First, a database named Lnc2Cancer curates the lncRNAs that have different expression in the disease tissues compared to the normal ones. Lnc2Cancer contains lncRNAs related to cancers that have been identified by analyzing the results of northern blot experiments, microarray experiments, and quantitative real-time polymerase chain reaction experiments (Gao et al., 2018). LncRNADisease is also a database which includes 2,947 lncRNA-disease entries (Chen et al., 2013). By using text mining techniques, these associations are extracted from the published literature, and then the dysregulation of lncRNAs are manually confirmed. As shown in Table 4, 33 candidate lncRNAs are contained by Lnc2Cancer and 13 candidate lncRNAs are included by LncRNADisease, which confirms these lncRNAs have been upregulated or downregulated in these cancers.
Next, 2 candidates of stomach cancer, 1 candidate of lung cancer and 2 candidates of colon cancer labeled with “literature1” are supported by several published literature. These lncRNAs are confirmed to have dysregulations in the cancers when compared with the normal tissues (Bahari et al., 2015; Zhang et al., 2016; Shen et al., 2017; Gu et al., 2018; Sun et al., 2018).
Finally, 5 candidates labeled with “literature2,” and “miRCancer, StarBase” are related to the important factors affecting the development of the corresponding cancers. In the metabolic network, lncRNA HCP5 is regulated by three miRNAs, and the miRNAs are downregulated in stomach cancer. It indicates that the expression of HCP5 is more likely to associate with stomach cancer (Mo et al., 2018). Four lncRNAs (CBR3-AS1, NPTN-IT1, CDKN2B-AS1 and SNHG4) have interactions with four corresponding miRNAs (hsa-miR-217, hsa-miR-520c-3p, hsa-miR-320a and hsa-miR-4458) (Li et al., 2014b). These four miRNAs have been to be observed associated with stomach cancer, lung cancer and colon cancer (Xie et al., 2013). Hence these lncRNAs are probably involved in the progression of these cancers.

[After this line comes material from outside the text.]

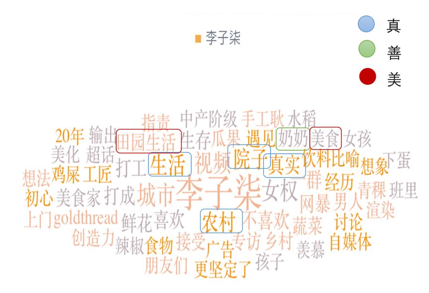 从以下关联词云可以看出李子柒的作品所引发的情感可以概括为“真善美”,“农村、生活、真实、院子”可以看出情感内涵是真,“奶奶”的情感内涵是善,“田园生活、美食”的情感内涵是美。
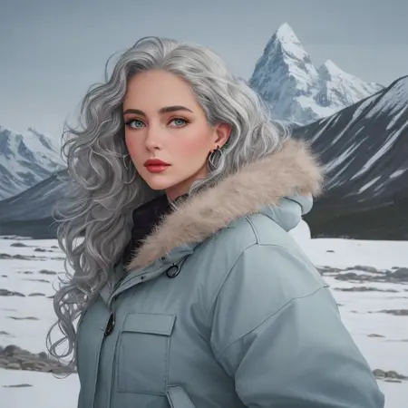 - 초상화, 유혹적인 여성, 보통 키, 날씬한, 둥근 얼굴, 어두운 피부, 대나무색 머리카락, 청보라색 눈, 눈이 굽어진 코, 두꺼운 입술, 두드러진 턱, 어깨 길이 머리카락, 곧은 머리카락, 옆으로 스치는 앞머리, 비대칭 가슴, 페이크 게이지 귀걸이, 은색, 투명한 립스틱, 부드러운 재킷, 가는 청바지, 눈 신발, 가까이 구경하는 자세, 환경 조명, 패턴

Predicting Novel Disease-Related lncRNAs
After evaluating its prediction performance through the cross-validation process and case studies, CNNLDA is applied to all 402 diseases. All the positive samples and the negative ones are used to train CNNLDA to predict the novel disease-associated lncRNAs. The potential candidate lncRNAs for these diseases are listed in Supplementary Table 1. In addition, the lncRNA similarities based on the diseases associated with these lncRNAs are shown in Supplementary Table 2.
Conclusions
A novel method based on dual convolutional neural networks, CNNLDA, is developed for predicting the potential disease-related lncRNAs. We respectively construct the attention mechanism at feature and relationship levels to discriminate the different contributions of features and learn the more informative representation of lncRNA-disease associations. The new framework based on dual convolutional neural networks is developed for learning the global representation and the attention of lncRNA-disease associations. The experimental results indicate that CNNLDA is superior to the compared other methods in terms of both AUCs and AUPRs. The case studies on 3 diseases demonstrate CNNLDA's ability for discovering potential disease-associated lncRNAs.
Data Availability
All datasets analyzed for this study are cited in the manuscript and the Supplementary Files.
Author Contributions
PX and YC conceived the prediction method, and they wrote the paper. YC and ZZ developed computer programs. TZ and RK analyzed the results and revised the paper.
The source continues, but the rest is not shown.